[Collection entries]
Segment Open
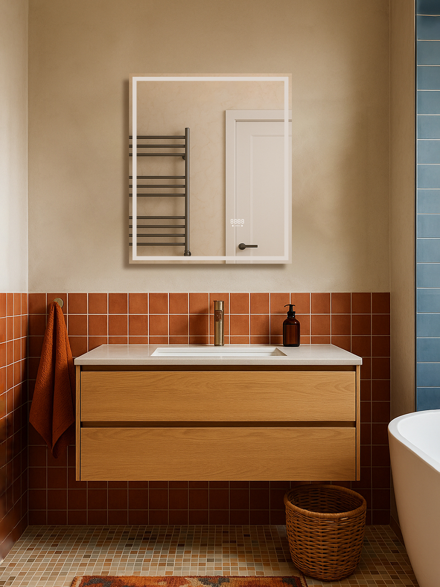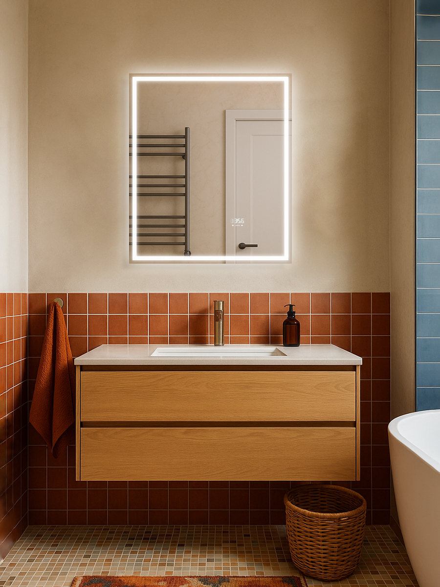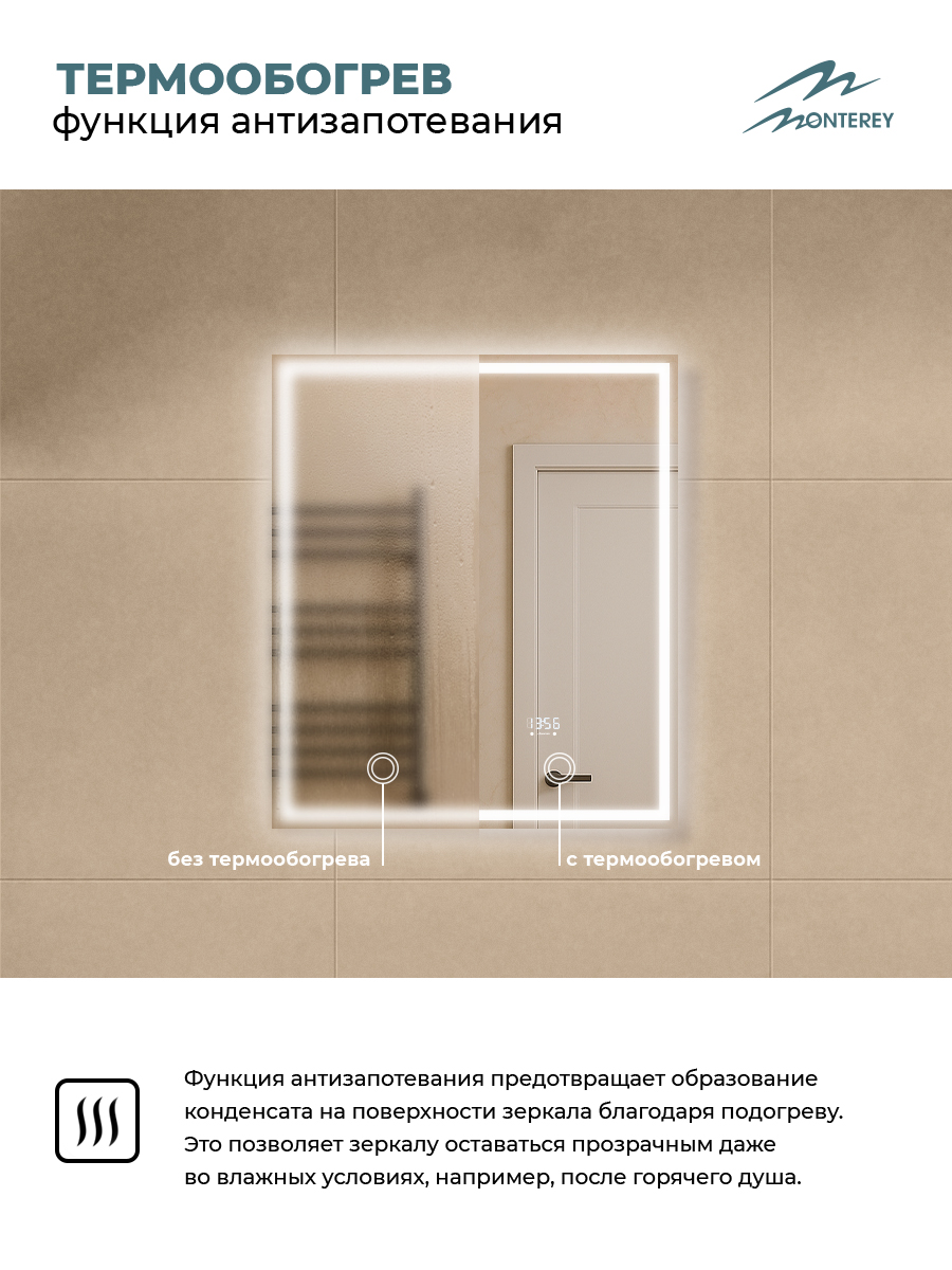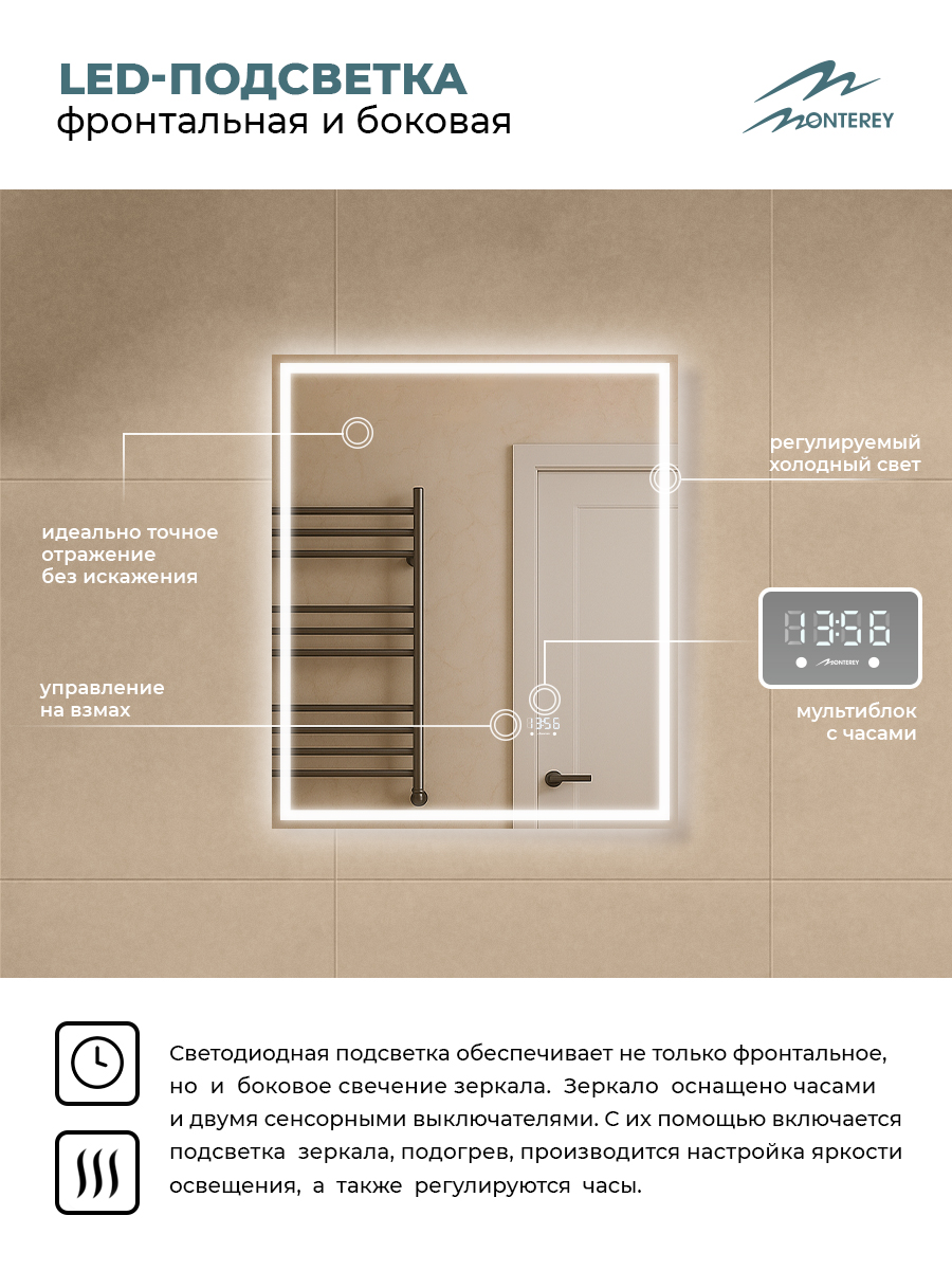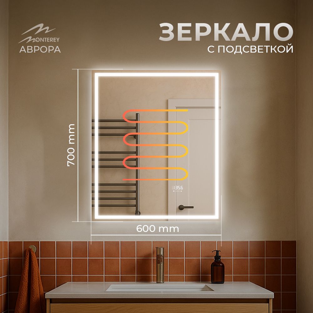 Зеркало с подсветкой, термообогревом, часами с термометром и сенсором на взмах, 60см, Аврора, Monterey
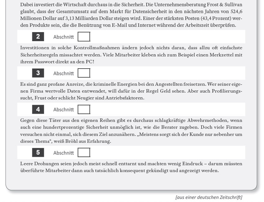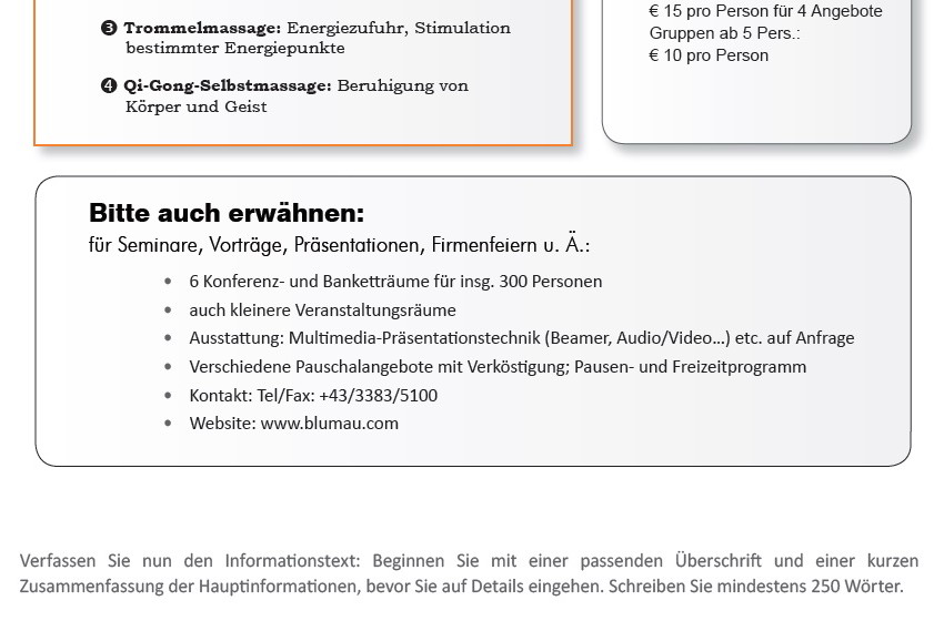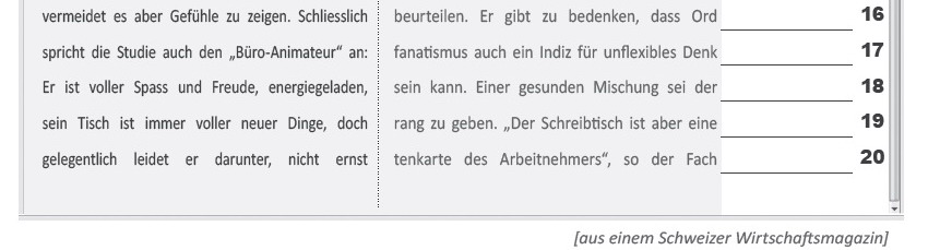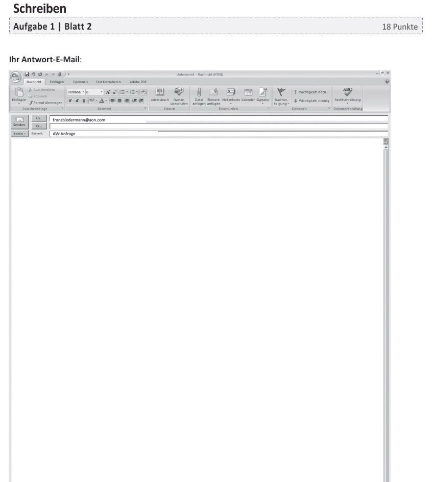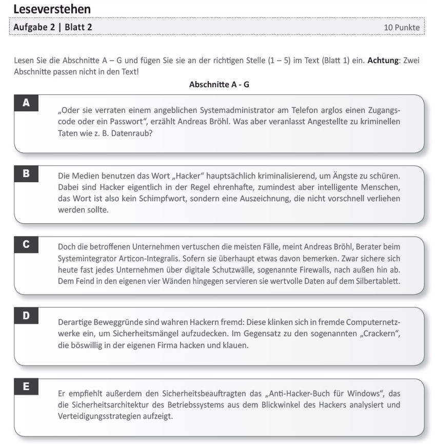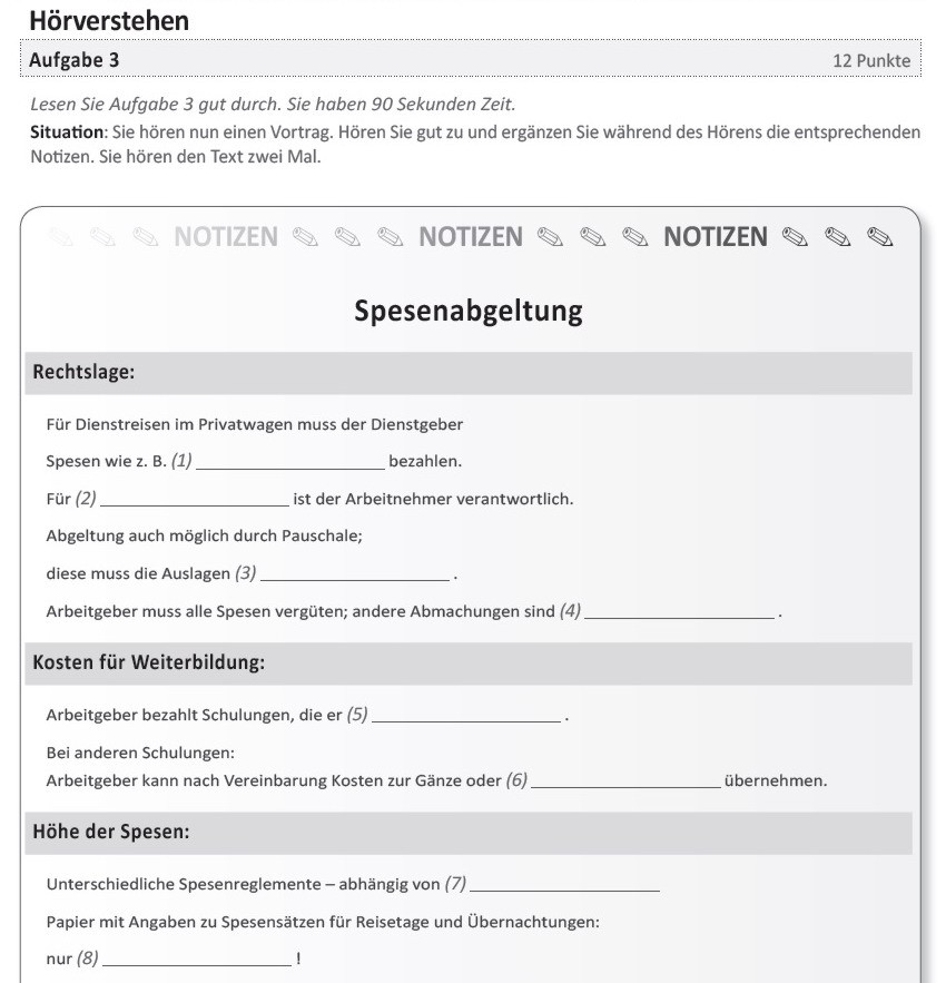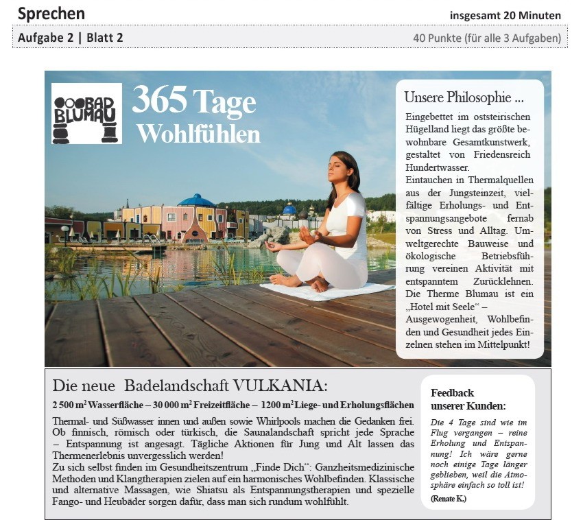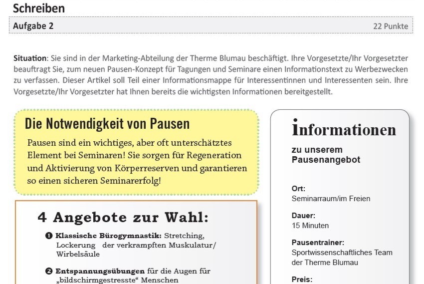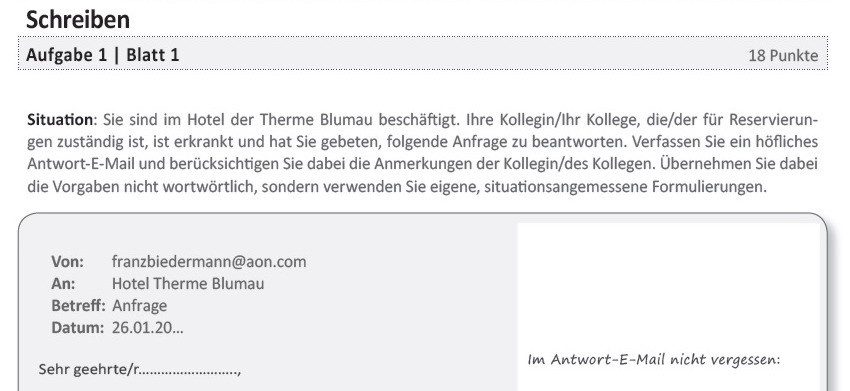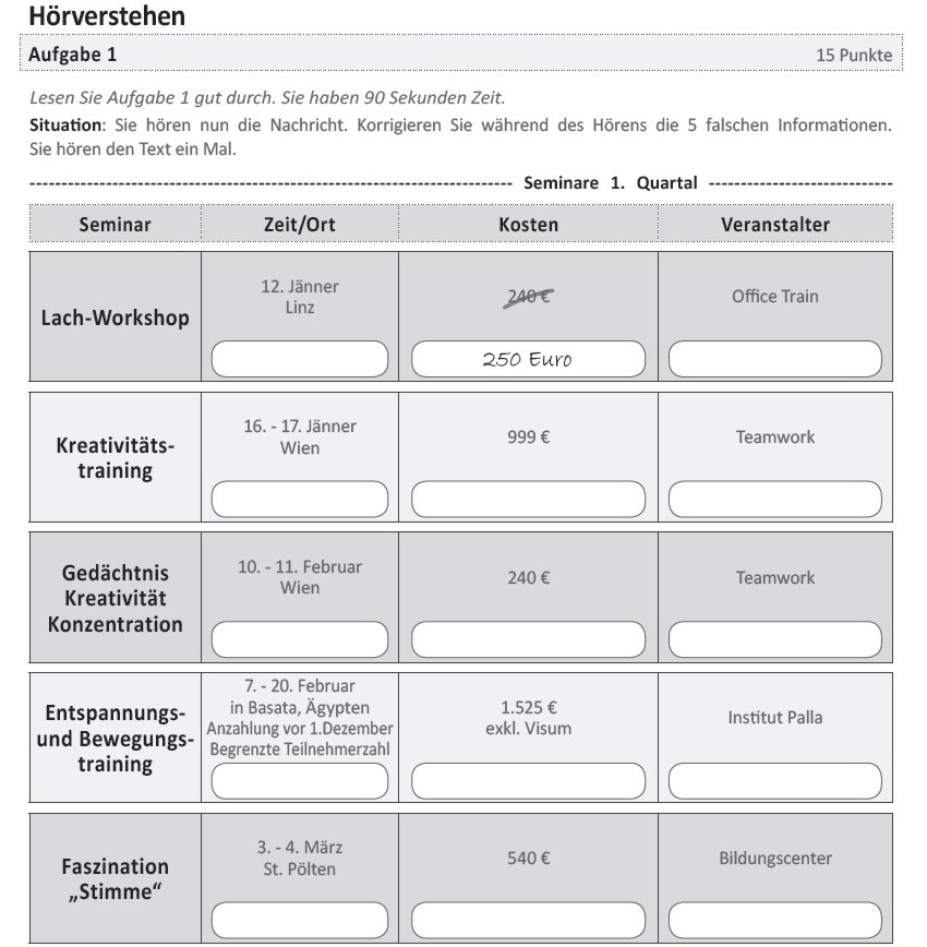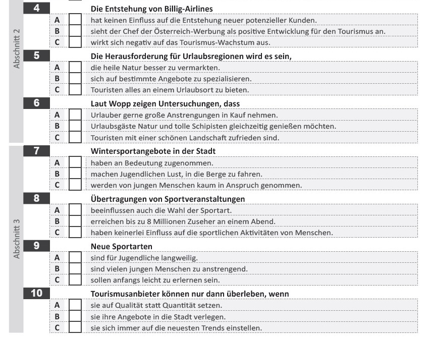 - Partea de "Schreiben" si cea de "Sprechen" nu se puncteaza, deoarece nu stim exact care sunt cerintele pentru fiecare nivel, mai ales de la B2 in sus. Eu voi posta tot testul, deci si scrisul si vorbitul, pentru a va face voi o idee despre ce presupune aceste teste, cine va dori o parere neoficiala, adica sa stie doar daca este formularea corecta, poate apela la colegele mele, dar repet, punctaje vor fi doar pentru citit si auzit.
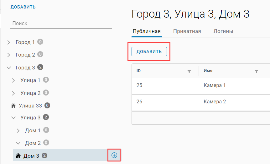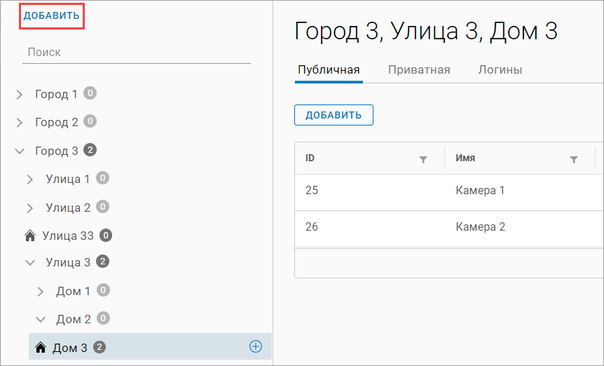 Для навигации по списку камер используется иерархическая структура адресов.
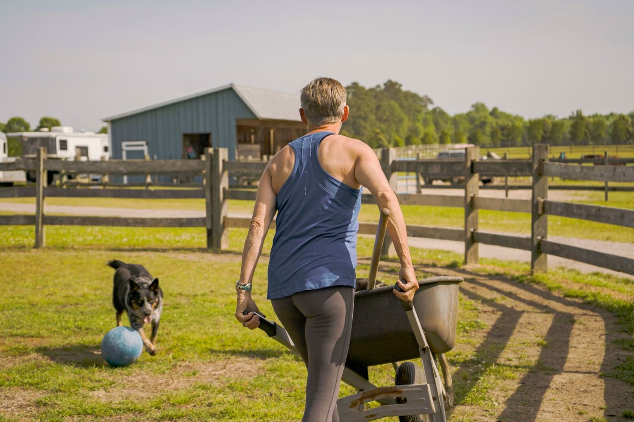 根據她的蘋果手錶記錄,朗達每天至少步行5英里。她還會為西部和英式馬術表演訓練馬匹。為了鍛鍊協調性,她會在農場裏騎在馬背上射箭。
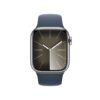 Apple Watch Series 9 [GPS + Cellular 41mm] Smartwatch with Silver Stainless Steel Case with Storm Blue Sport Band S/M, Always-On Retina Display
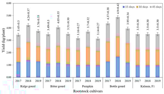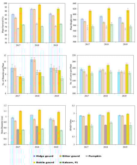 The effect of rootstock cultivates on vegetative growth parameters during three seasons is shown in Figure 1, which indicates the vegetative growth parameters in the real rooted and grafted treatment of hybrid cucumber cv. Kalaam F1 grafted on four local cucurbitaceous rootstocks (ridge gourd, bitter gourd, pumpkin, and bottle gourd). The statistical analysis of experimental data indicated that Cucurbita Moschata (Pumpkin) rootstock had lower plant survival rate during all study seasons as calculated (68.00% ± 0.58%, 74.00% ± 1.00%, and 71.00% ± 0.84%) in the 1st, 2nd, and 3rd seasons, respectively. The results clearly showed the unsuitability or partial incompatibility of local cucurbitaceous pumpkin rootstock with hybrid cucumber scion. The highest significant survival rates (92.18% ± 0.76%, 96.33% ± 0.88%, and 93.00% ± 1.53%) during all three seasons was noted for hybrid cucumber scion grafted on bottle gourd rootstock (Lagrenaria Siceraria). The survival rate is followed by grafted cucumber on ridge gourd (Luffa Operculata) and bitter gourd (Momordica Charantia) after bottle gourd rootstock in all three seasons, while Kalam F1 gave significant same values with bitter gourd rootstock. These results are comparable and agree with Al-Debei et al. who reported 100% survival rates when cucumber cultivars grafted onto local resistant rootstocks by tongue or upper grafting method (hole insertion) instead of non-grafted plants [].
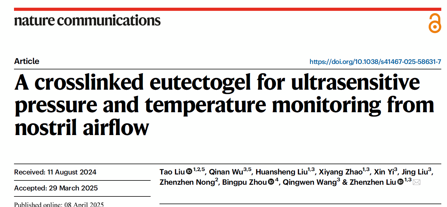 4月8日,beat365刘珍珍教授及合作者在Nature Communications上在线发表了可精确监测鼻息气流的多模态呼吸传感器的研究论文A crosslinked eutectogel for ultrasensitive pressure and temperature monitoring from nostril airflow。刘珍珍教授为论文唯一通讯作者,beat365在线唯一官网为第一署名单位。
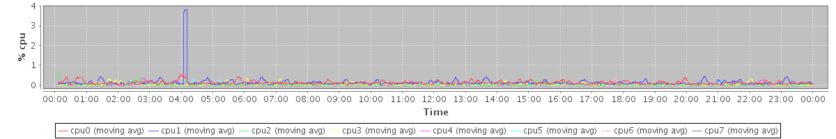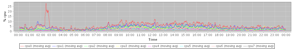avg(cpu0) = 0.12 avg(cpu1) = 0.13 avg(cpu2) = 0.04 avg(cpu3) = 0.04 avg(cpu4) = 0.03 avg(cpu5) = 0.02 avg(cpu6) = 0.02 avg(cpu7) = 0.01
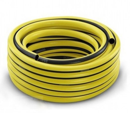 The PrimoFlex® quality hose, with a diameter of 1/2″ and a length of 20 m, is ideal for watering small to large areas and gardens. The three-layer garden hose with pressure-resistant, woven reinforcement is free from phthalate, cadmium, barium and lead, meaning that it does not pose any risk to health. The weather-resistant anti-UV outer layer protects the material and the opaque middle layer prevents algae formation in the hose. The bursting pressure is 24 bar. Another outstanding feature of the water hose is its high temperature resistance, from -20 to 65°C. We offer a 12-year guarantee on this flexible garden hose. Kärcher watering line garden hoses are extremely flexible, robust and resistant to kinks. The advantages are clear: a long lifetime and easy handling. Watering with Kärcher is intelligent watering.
Segment Closed
Copy out exactly the lines above beginning with the line that contains "Для навигации по" and finishing with the line that contains "Apple Watch Series", including both; leave the pictures out.

* _WRITTEN REPLY_:
 Для навигации по списку камер используется иерархическая структура адресов.
 根據她的蘋果手錶記錄,朗達每天至少步行5英里。她還會為西部和英式馬術表演訓練馬匹。為了鍛鍊協調性,她會在農場裏騎在馬背上射箭。
 Apple Watch Series 9 [GPS + Cellular 41mm] Smartwatch with Silver Stainless Steel Case with Storm Blue Sport Band S/M, Always-On Retina Display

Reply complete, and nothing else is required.